# 2007 Neck Banded Ross



## Classof81 (Dec 19, 2005)

I thought I would post my first neck banded Ross Gooses from the 2007 spring season. It was banded in Nunavut Wolf Creek Area and was hatched in 2004 or earlier. Funny thing is I didn't notice the band when I shot a double and the other bird almost hit me. Lucky I guess....have a great spring!


----------



## bandman (Feb 13, 2006)

Simply a spectacular looking bird and mount! Congrats!! :beer: :beer:


----------



## Leo Porcello (Jul 10, 2003)

very very nice!! :beer:


----------



## Horker23 (Mar 2, 2006)

lucky, the mount looks good too!


----------



## dfisher (Oct 12, 2007)

Excellent looking little goose.
Good work :beer: 
Dan


----------



## hunter121390 (Nov 7, 2006)

awsome mount


----------



## USSapper (Sep 26, 2005)

Awesome man! Congrats


----------



## bluebill25 (Mar 29, 2006)

we shot a yellow neck band Ross last spring hatched the same yr. Very nice bird


----------



## dwshunt (Apr 26, 2003)

Great looking mount, who did the work for you?

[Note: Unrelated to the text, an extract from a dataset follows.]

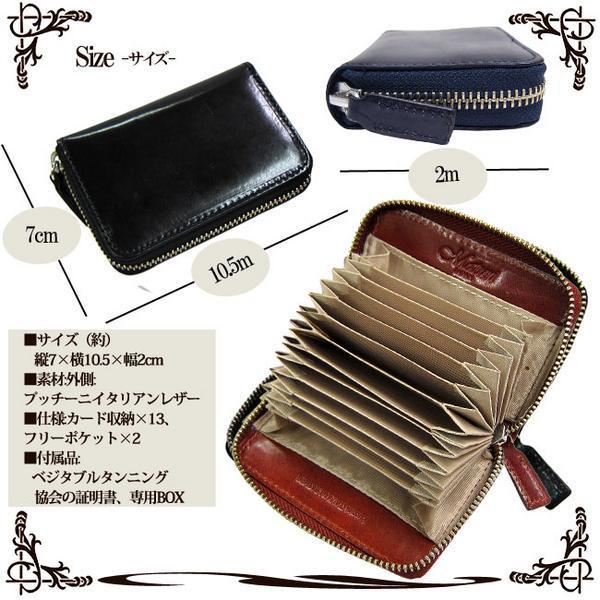 扇のように大きく開き、必要なカードをひと目で見つかると同時に指も入るので取り出しやすさ抜群です。 フリーポケットを含め、合計15ヶ所に収納可能。 ポイントカードや診察券でいっぱいの財布をすっきりしてくれる、便利なアイテム。 高い生産基準を満たした「イタリア・ベジタブルタンニング協会」認定の高品質イタリアンレザーを大胆に使用し、 飽きの来ないシンプルかつスタイリッシュなデザインに仕上げました。 カラー・仕様共に、年齢問わずご愛用いただけるカードケースです。 ■カラー:ブラック、ネイビー、ライトブラウンよりお選び下さい。 (落札時、オーダーフォームにてご希望のカラーをご連絡下さいませ。ご連絡がない場合は、当店でカラーを選択させて頂きます。) ■サイズ(約):縦7×横10.5×幅2cm ■素材:外側/プッチーニイタリアンレザー、内側/ナイロン ■仕様:カード収納×13、フリーポケット×2 ■付属品:ベジタブルタンニング協会の証明書、専用BOX 【ベジタブルタンニング協会の証明書とは】 イタリアの伝統的な革なめし業に従事するタンナーが所属する組合。 小さな血筋、しわ些細な傷は天然素材の証明でありそれぞれの革をこの世で唯一のものにしています。 メンバーが供給するレザーには環境への配慮、皮革の自然さ、鞣し行程の高い生産基準などの条件を満たした、 高品質なイタリアでなめされたベジタブルタンニングレザーであるという証の証明書が付きます。 また、証明書にはシリアルナンバーが一枚一枚印刷されており、偽造出来ない唯一無二のものです。 【訳あり商品】 こちらは新品・未使用ですが、製造過程による細かい傷、ノリ汚れ、擦れ等がございます。 通常のご使用には問題ございませんが、神経質な方は入札をお控え下さい。 ※こちらの商品は全てにおいてノークレーム・ノーリターンです。 ご了承の上、入札下さいませ。 --革製品について-- ・製作過程により多少の傷、汚れ、縫い目が粗い、塗装にムラ、接着剤跡等がある場合が御座います。 ・天然素材の商品は、自然由来の素材のため革には細かなシワや傷跡・トラ等が存在する場合があります。 ※シワなどは、動物の生育環境や年齢、個体によって異なる、革の特性です。 ・商品の仕様・デザインは、製品向上の為に予告なしに変更になる場合がございます。 ・掲載している写真は、ご使用のコンピュータの環境や撮影の光加減によって実際の商品のイメージと多少異なることが御座います。 これらについては予めご理解頂いた上でご購入お願いします。 | |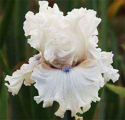 Ирис высокий бородатый I'm Posh (Айм Пош). Стандарты кремово-белые, фолы такие же с медовыми плечиками. Бородка лавандовая, у основания мандариновая. Изящный, красиво гофрирован. Срок цветения средне-поздний. Высота 89 см.

Only one band for me and it was a canada 5 years old.


----------



## Classof81 (Dec 19, 2005)

bluebill25: I trust you did the right thing with that yellowbanded Rossi you took last year. dwshunt: The bird was done by J&K taxidermy in Kindred ND.


----------



## AWO (Mar 9, 2008)

Awesome mount. :beer:


----------